No contexto da pandemia de síndrome respiratória aguda grave do coronavírus 2 (SRA-CoV-2), a carta publicada por Gerard J O’Mara no British Medical Journal sugerindo que o tratamento com inibidores da enzima conversora da angiotensina (ECA) e bloqueadores dos receptores da angiotensina II (BRA) poderia facilitar a infecção pelo coronavírus ao aumentar os níveis de ECA2 circulantes, levando ao aumento da carga viral e a lesões pulmonares mais graves, criou um mal-estar considerável.1
Há, no entanto, evidências de que a interacção entre as versões anteriores do coronavírus (SRA-CoV, que, para evitar confusões, doravante passaremos a designar como SRA-CoV-1) e o sistema renina-angiotensina-aldosterona e ACE2 é muito mais complexa.
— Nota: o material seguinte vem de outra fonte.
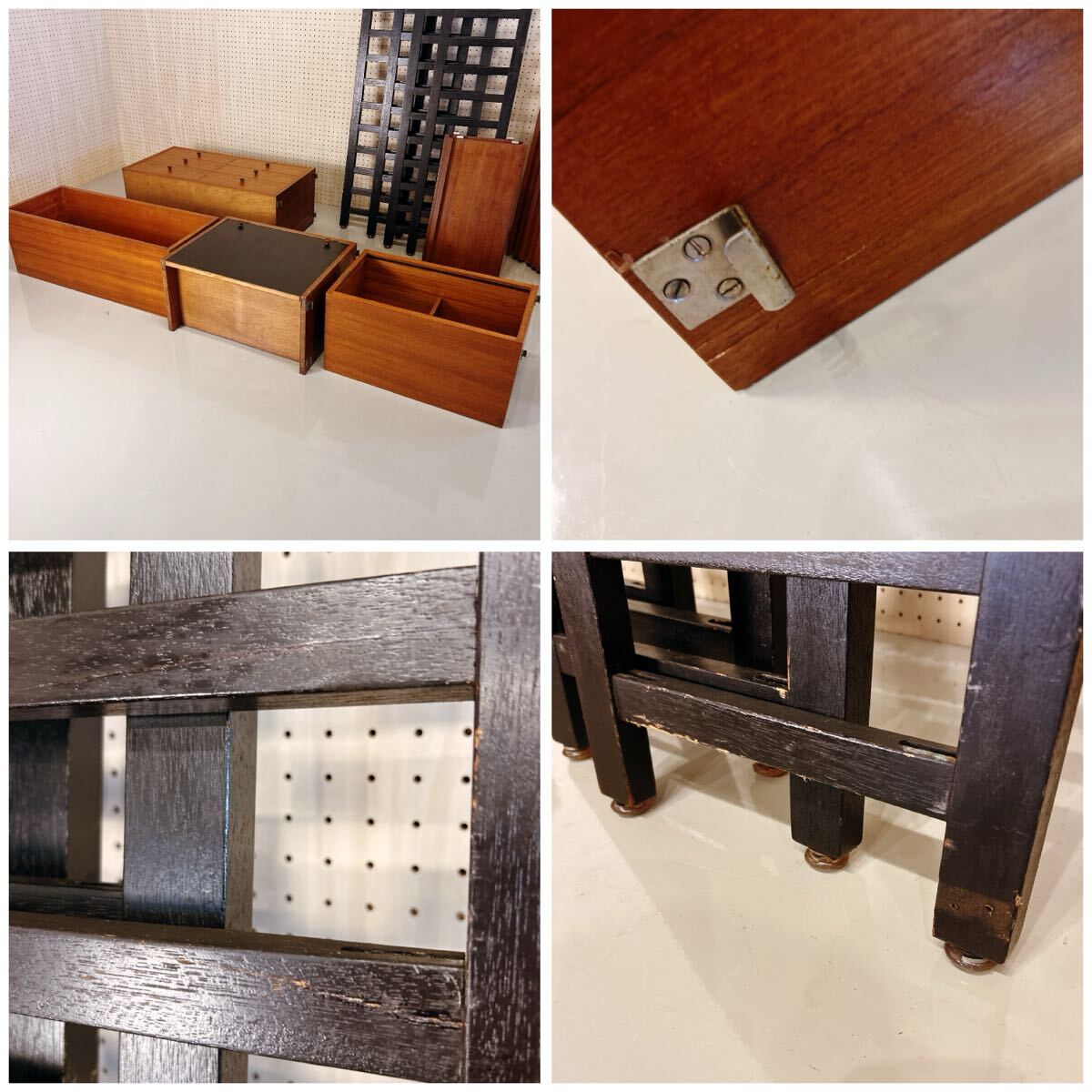 支柱にはキズや塗装の剥げ、金具を掛ける穴に傷や欠け、棚などは突き板の剥がれやパテによる補修跡があります。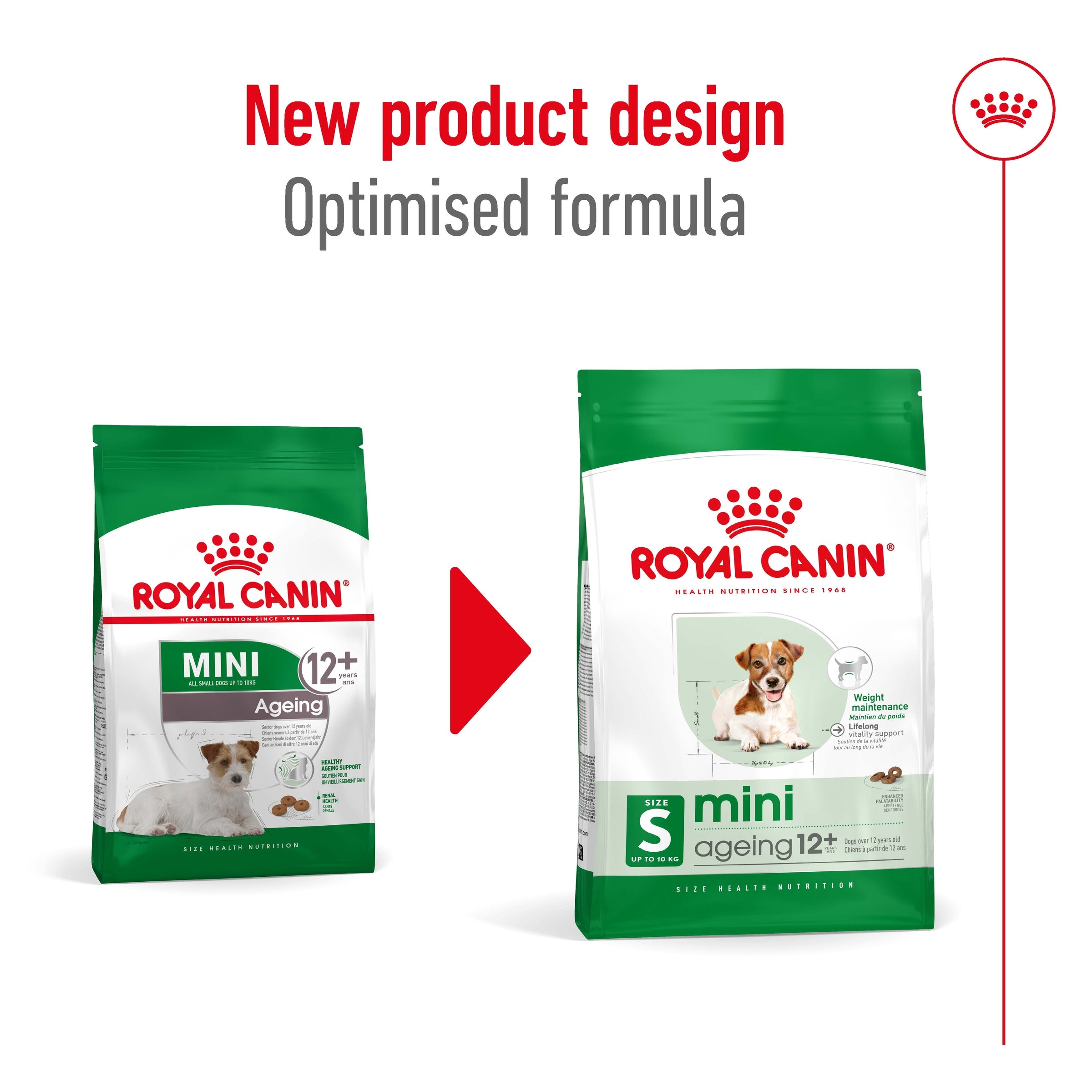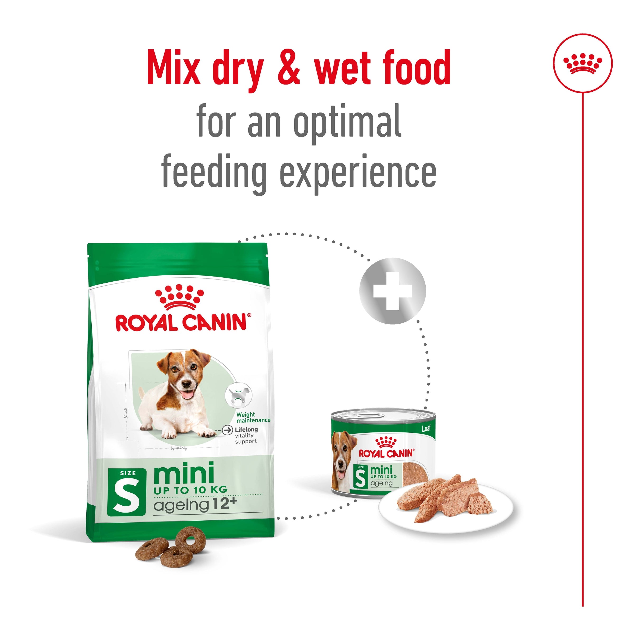 ROYAL CANIN® Mini Ageing 12+ is also available in two wet food textures: Loaf and Chunks In Gravy. Mixing dry kibble with stronger-smelling wet food can help to enhance the palatability of your senior dog’s meal, as ageing can cause a decline in the sense of smell.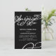 This modern and elegant 4.5'" x 6.25" surprise 90th birthday party invitation features the words "surprise 90th" in white script font with a matching swirling design in the bottom right corner. Customise this trendy invite with the name and party info and any background colour of your choice.
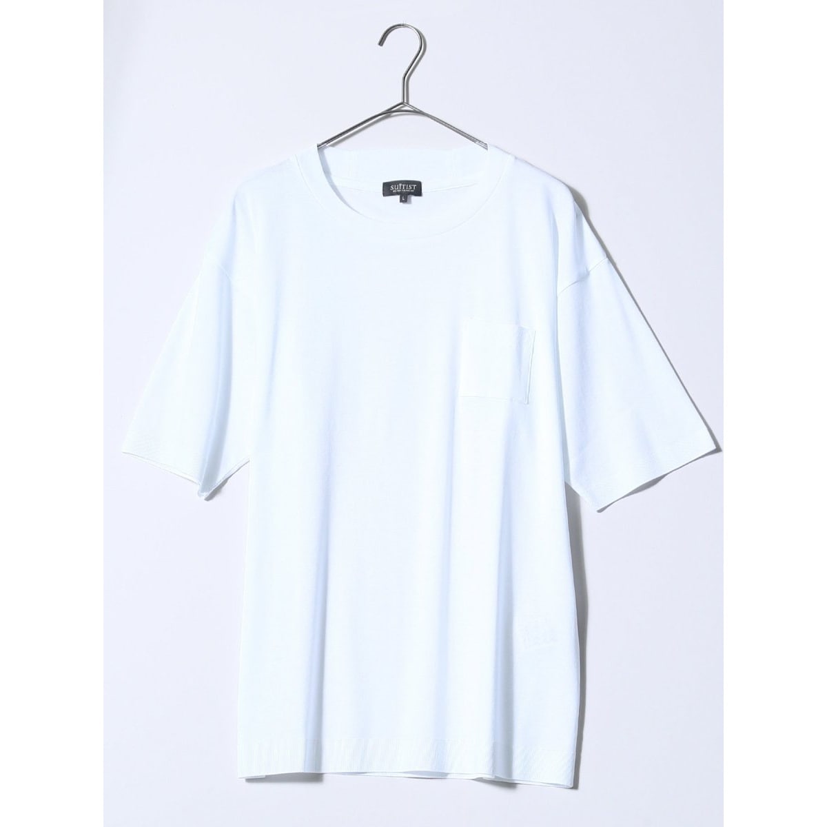 ベーシックなクルーネックの半袖Tシャツです。リブ部分からスタートして身頃を編んでいくリブスタートと呼ばれる手法を採用しています。左胸のポケットがアクセントになっています。

Os dados experimentais dos modelos de rato indicam que o losartan pode realmente proteger contra lesões pulmonares induzidas pelo vírus corona.2,3
A proteína do pico do SRA-CoV-1 interage com a ACE2, usando-a para a entrada na célula hospedeira, e desregula esta via de protecção pulmonar reduzindo a expressão da ACE2, resultando na acumulação de angiotensina II sem oposição e na lesão dos tecidos. Este processo explicaria o efeito protector proposto das ARBs contra a lesão pulmonar induzida pela SRA-CoV-1 em ratos.2
Adicionalmente, embora a ausência da ECA2 (em ratos knockout) proteja contra infecção, não é claro se a redução parcial dos níveis de ECA2, conseguida através da retirada dos inibidores da ECA ou das BRA, teria benefícios clinicamente relevantes.
As existem algumas semelhanças entre a SRA-CoV-1 e a SRA-CoV-2, particularmente em termos de ligação proteica à ECA2, é provável que os resultados acima referidos sejam também aplicáveis à situação actual com a doença coronavírus 2019 (COVID-19).4,5
Por isso, acreditamos que as opiniões expressas pelo O’Mara1 devem ser tratadas como simples reflexões e que se deve ter cuidado ao considerar a sua aplicabilidade clínica. A relação entre o sistema renina-angiotensina-aldosterona e a patogenicidade do SRA-CoV-1, e, por analogia, a patogenicidade do SRA-CoV-2 no contexto do COVID-19, é altamente complexa. De facto, a investigação básica sugere que os inibidores da ECA, e as BRA em particular, têm um papel protector.
Neste contexto, portanto, não existe base para descontinuar os tratamentos existentes com inibidores da ECA e BRA. Além disso, complicações devidas à descontinuação indiscriminada desses medicamentos podem ter consequências muito mais graves do que muitos dos efeitos adversos supostos.